Work item | Output each line exactly as written, from the first line of the records to the line bearing "Зазначимо, що на", inclusive, while leaving every picture out.
[[ Data records open ]]
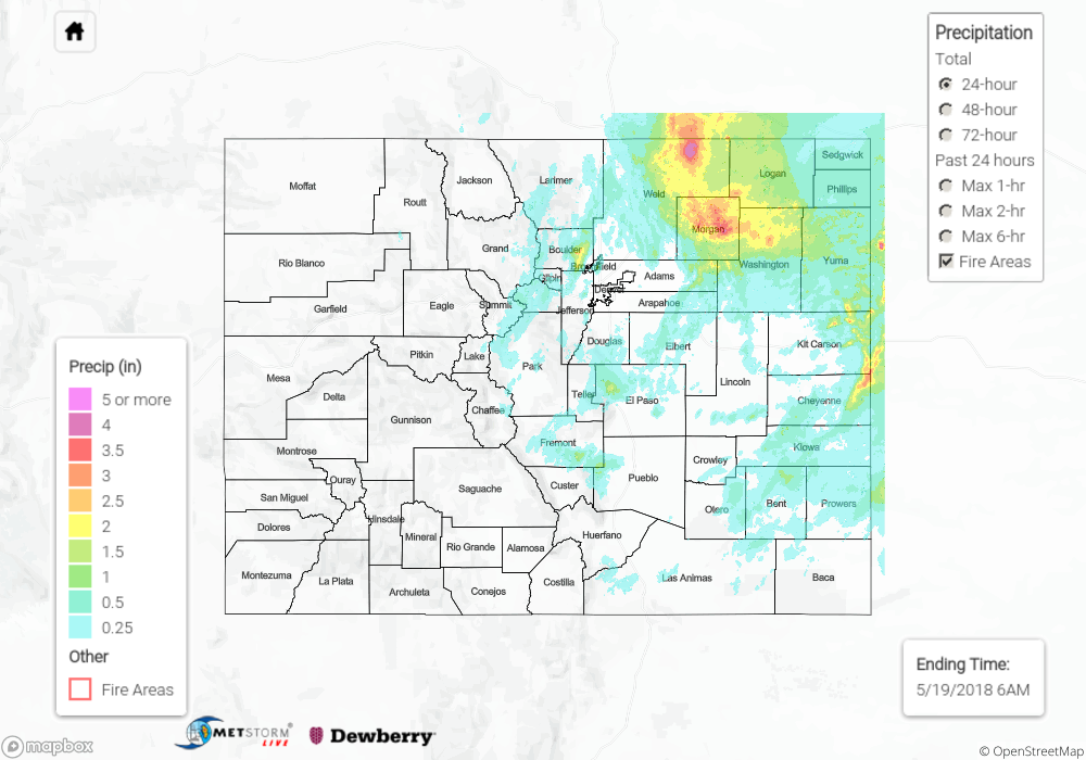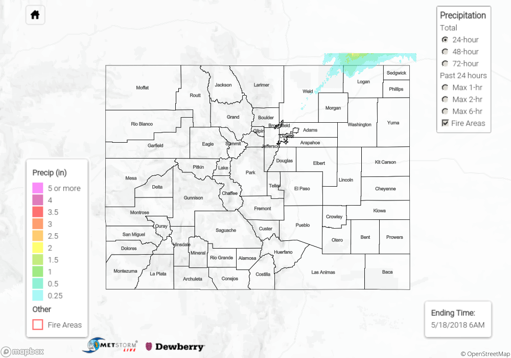 Numerous showers and an isolated thunderstorm or two continue across portions of the Front Range, Urban Corridor, Palmer Ridge, Northeast Plains, and Southeast Plains this morning. For a look at precipitation estimates in your area, please see our State Precipitation Map below.
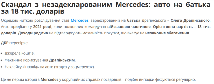 Зазначимо, що на Mercedes є наклейка "людина з інвалідністю". У ЗМІ звертали увагу на те, що доходи батька, на якого оформлено іномарку, не відповідають її вартості, що знову викликало запитання щодо походження коштів на купівлю.
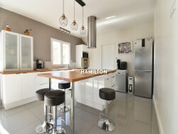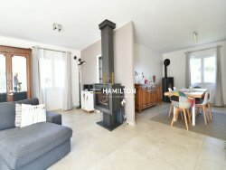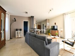 Le c?ur de la maison est son spectaculaire espace de vie ouvert de 75 m². Baigné de lumière naturelle grâce à de larges fenêtres et une immense baie vitrée, il combine harmonieusement un salon chaleureux, une salle à manger spacieuse et une cuisine ouverte entièrement aménagée, parfaite pour recevoir.
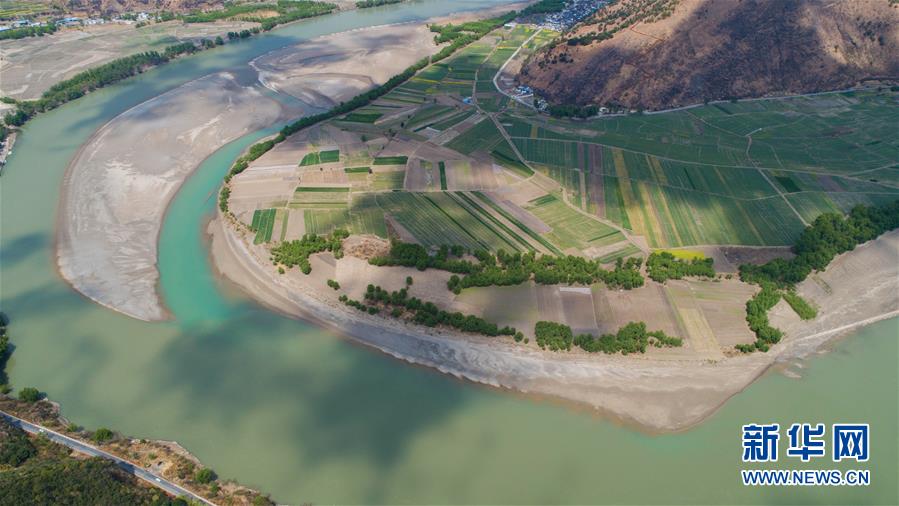 這是無人機拍攝的“長江第一灣”一景(3月17日攝)?!伴L江第一灣”位于云南省麗江市玉龍納西族自治縣石鼓鎮(zhèn),萬里長江從青藏高原奔騰而下,與瀾滄江、怒江一起在橫斷山脈的高山深谷中穿行形成并流的壯麗景觀。金沙江在麗江石鼓鎮(zhèn)突然以急轉(zhuǎn)彎轉(zhuǎn)向東北,形成一個宛若“V”字形的大轉(zhuǎn)彎,得名“長江第一灣”。春日里,“長江第一灣”江水青碧,美景迷人。 新華社記者胡超攝
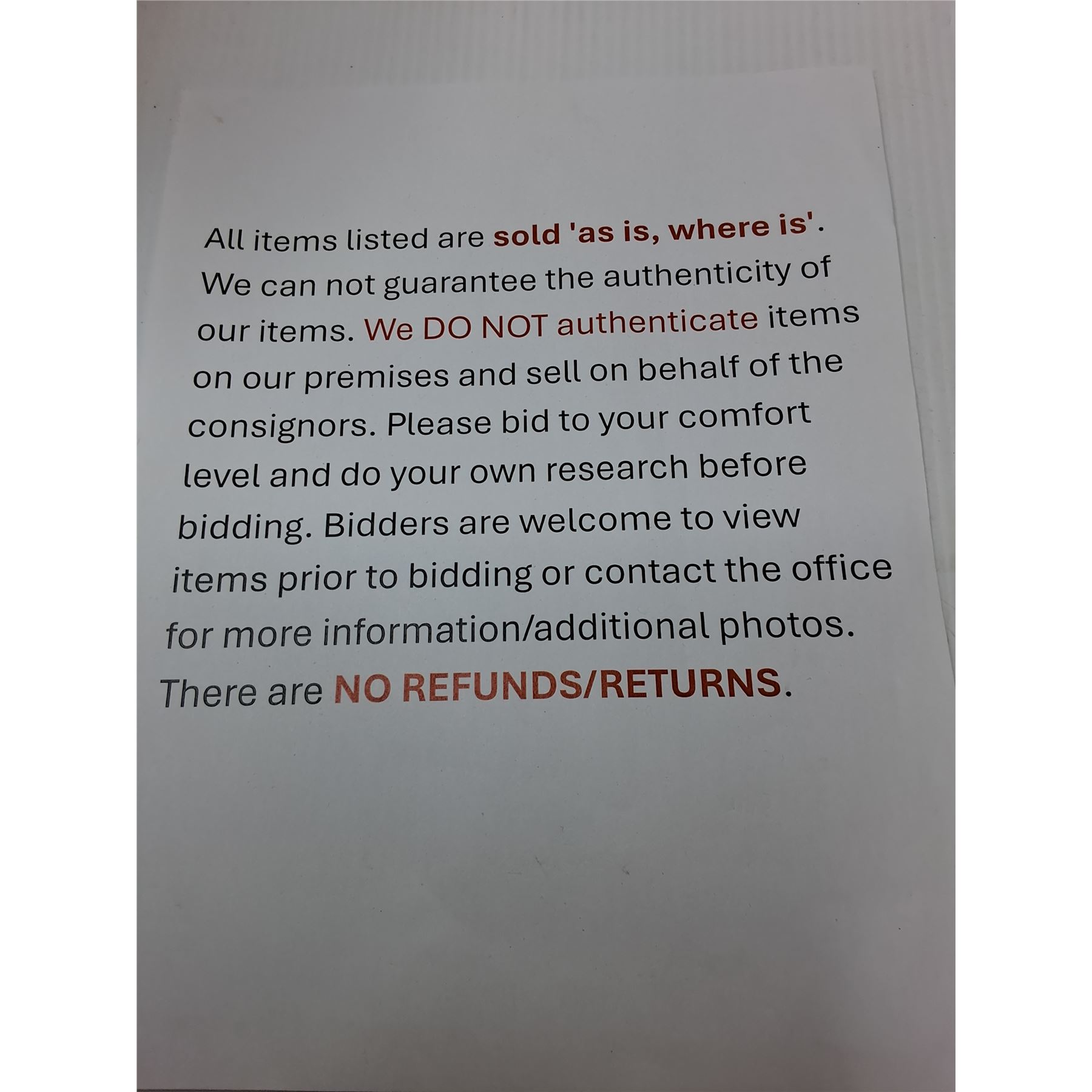 If you are wanting to hold on items for another auction coming up, let us know within 24 hours (maximum hold: 2 auctions). Please give 15 to 30 days for items to be collected, packed, payment processed and shipped out.
[[ Data records closed ]]
Task response |
 Numerous showers and an isolated thunderstorm or two continue across portions of the Front Range, Urban Corridor, Palmer Ridge, Northeast Plains, and Southeast Plains this morning. For a look at precipitation estimates in your area, please see our State Precipitation Map below.
 Зазначимо, що на Mercedes є наклейка "людина з інвалідністю". У ЗМІ звертали увагу на те, що доходи батька, на якого оформлено іномарку, не відповідають її вартості, що знову викликало запитання щодо походження коштів на купівлю.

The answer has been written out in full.